Stored items

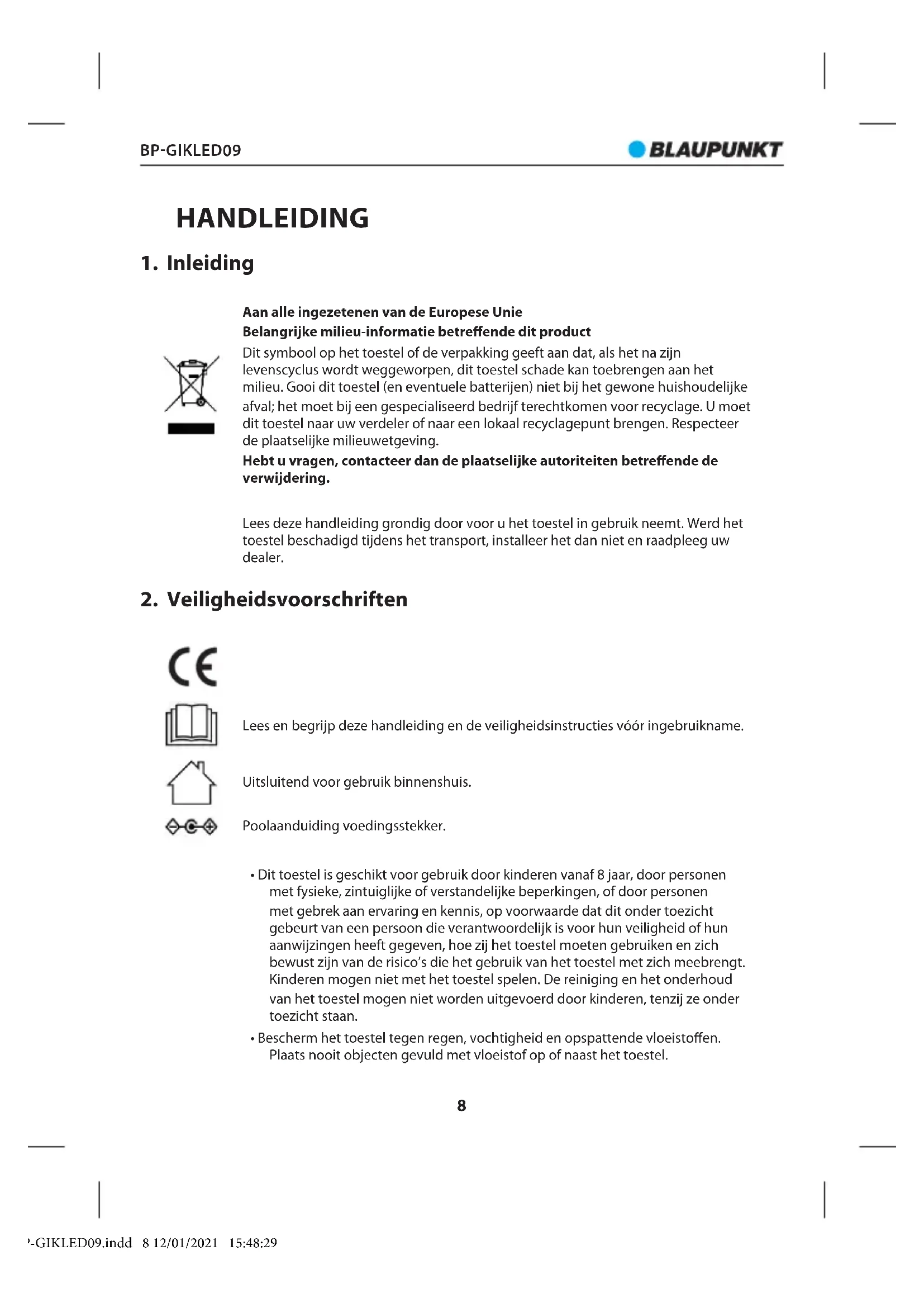 - Bewaar deze handleiding voor verdere raadpleging. BP-GIKLED09.indd 10 12/01/2021 15:48:30BP-GIKLED09
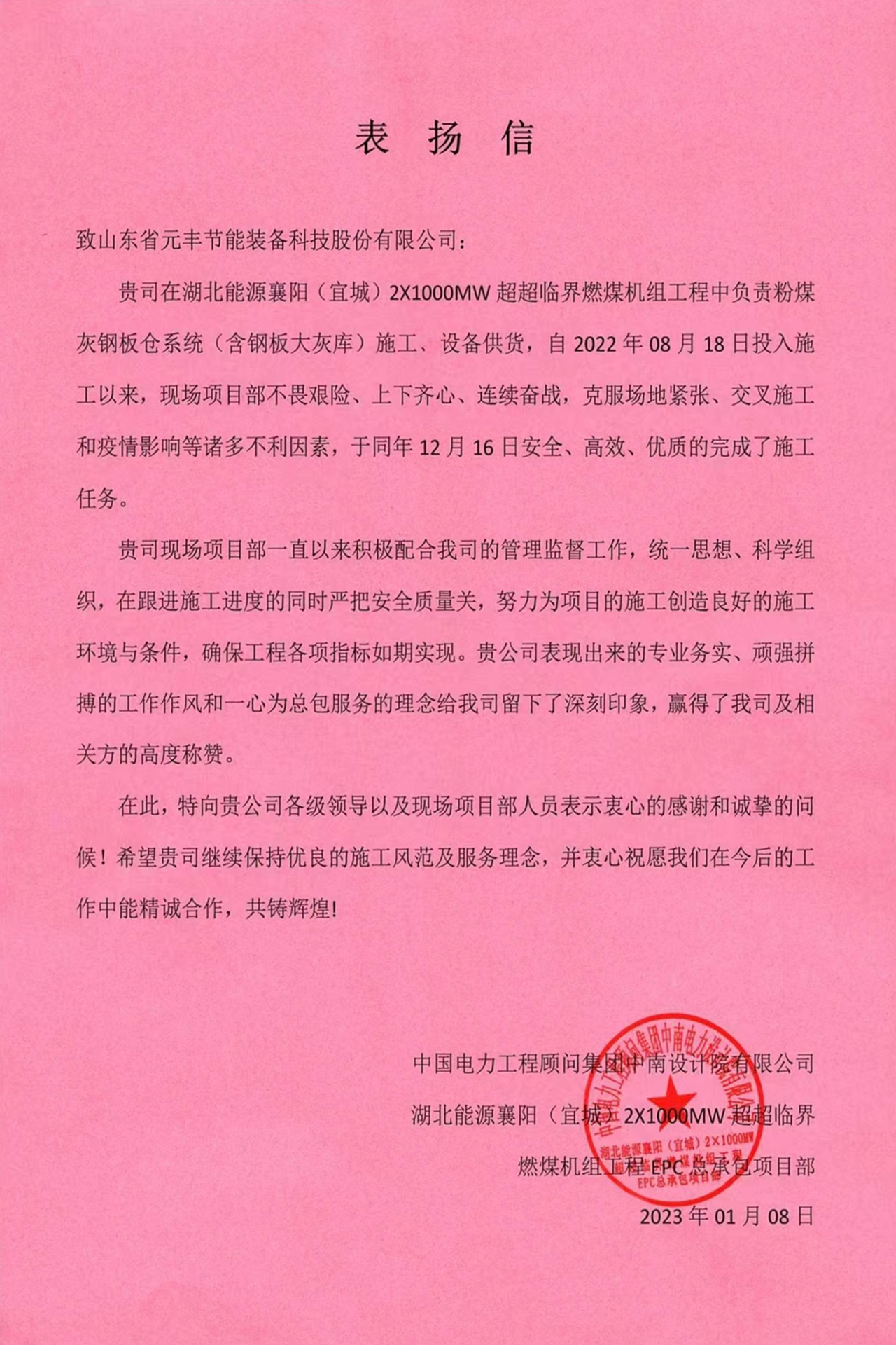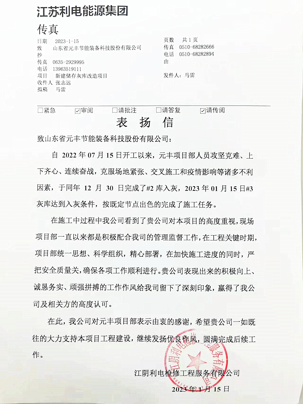 信中指出,自2022年07月15日开工以来,金年会.vip项目部人员攻坚克难、上下齐心、连续奋战,克服场地紧张、交叉施工和疫情影响等诸多不利因素,于同年12月30日完成了#2库入灰,2023年01月15日#3灰库达到入灰条件,按既定节点出色的完成了施工任务。
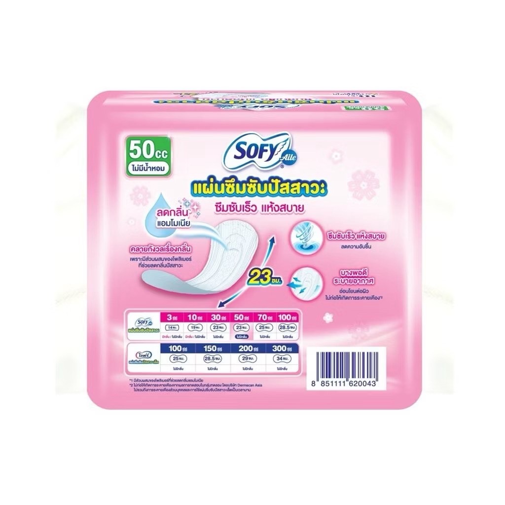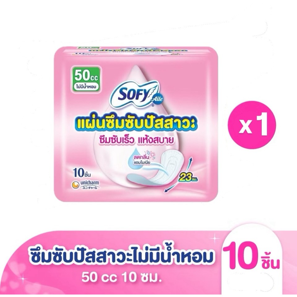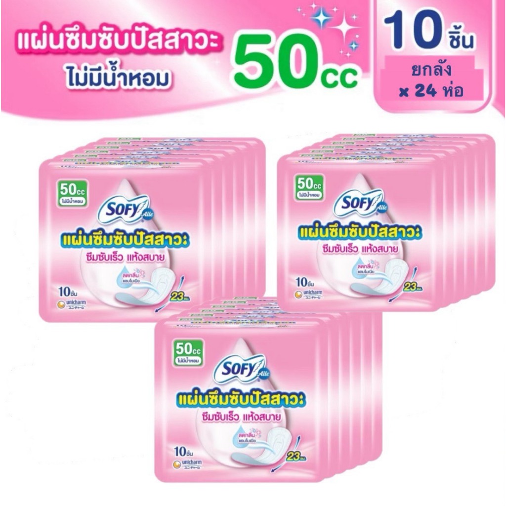 Sofy โซฟี แผ่นซึมซับปัสสาวะแบบมีกลิ่นหอม ขนาด 50 ซีซี - 23 cm. (ยกลัง 24 ห่อ)
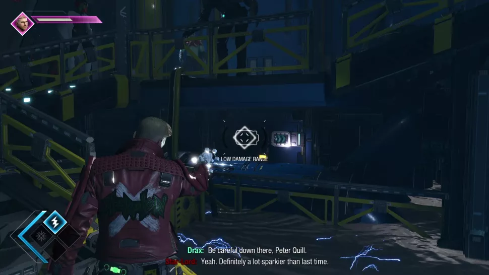 Когда вы вернетесь в Главу 7, ваши руки будут развязаны, и с вами будут остальные Стражи Галактики. Однако на лестнице произошла утечка, и нижний уровень погружен в воду по щиколотку, через которую проходит электрический заряд. Чтобы преодолеть волну воды и получить костюм, сделайте следующее:
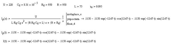 Для обеспечения апериодического переходного процесса необходимо, чтобы корни знаменателя были вещественными. Это возможно, когда: . Это уравнение решается в MACHCAD относительно С. При ( мкф ) апериодический процесс изменения тока в катушке будет оптимальным.
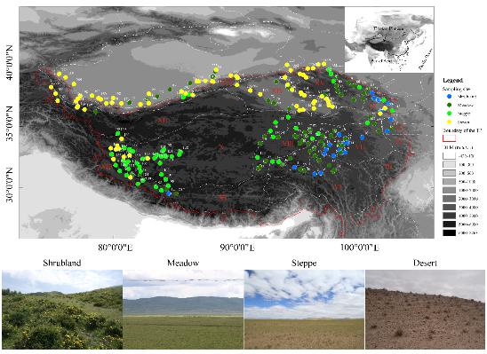 图3.研究点位分布图和孢粉丰富度和均匀度与环境因子的关系:Liao MN, Jin YL, Li K, Liu LN, Wang NN, Ni J*, Cao XY*. 2024. Modern pollen-plant diversity relationship in open landscapes of Tibetan Plateau. Palaeogeography, Palaeoclimatology, Palaeoecology, 641: 112131. https://doi.org/10.1016/j.palaeo.2024.112131
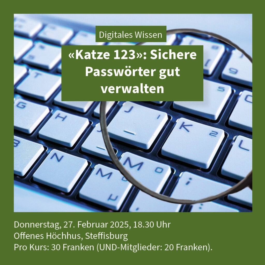 Die Kursreihe «Digitales Wissen» fördert seit 2021 das Verständnis und die Freude an digitalen Medien. Entwickelt von Daniel Roth, Simeon Streit und Marianne Scheuter, bietet sie monatlich an einem Donnerstagabend Hintergrundwissen und praktische Handouts. Die Reihe ist Teil der Technikhilfe von UND Generationentandem.
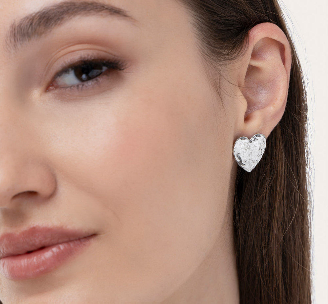 Gli orecchini cuore battuto sono con Chiusura a farfalla. Materiale: placcatura argento artigianale. Nickel tested. Lavorazione artigianale.

▶ **WORK TO BE COMPLETED**:
The final stretch of the data, from the line with "Когда вы вернетесь" through its last line, is to be retyped exactly; pictures are not part of the copy.

▶ **WRITTEN SOLUTION**:
 Когда вы вернетесь в Главу 7, ваши руки будут развязаны, и с вами будут остальные Стражи Галактики. Однако на лестнице произошла утечка, и нижний уровень погружен в воду по щиколотку, через которую проходит электрический заряд. Чтобы преодолеть волну воды и получить костюм, сделайте следующее:
 Для обеспечения апериодического переходного процесса необходимо, чтобы корни знаменателя были вещественными. Это возможно, когда: . Это уравнение решается в MACHCAD относительно С. При ( мкф ) апериодический процесс изменения тока в катушке будет оптимальным.
 图3.研究点位分布图和孢粉丰富度和均匀度与环境因子的关系:Liao MN, Jin YL, Li K, Liu LN, Wang NN, Ni J*, Cao XY*. 2024. Modern pollen-plant diversity relationship in open landscapes of Tibetan Plateau. Palaeogeography, Palaeoclimatology, Palaeoecology, 641: 112131. https://doi.org/10.1016/j.palaeo.2024.112131
 Die Kursreihe «Digitales Wissen» fördert seit 2021 das Verständnis und die Freude an digitalen Medien. Entwickelt von Daniel Roth, Simeon Streit und Marianne Scheuter, bietet sie monatlich an einem Donnerstagabend Hintergrundwissen und praktische Handouts. Die Reihe ist Teil der Technikhilfe von UND Generationentandem.
 Gli orecchini cuore battuto sono con Chiusura a farfalla. Materiale: placcatura argento artigianale. Nickel tested. Lavorazione artigianale.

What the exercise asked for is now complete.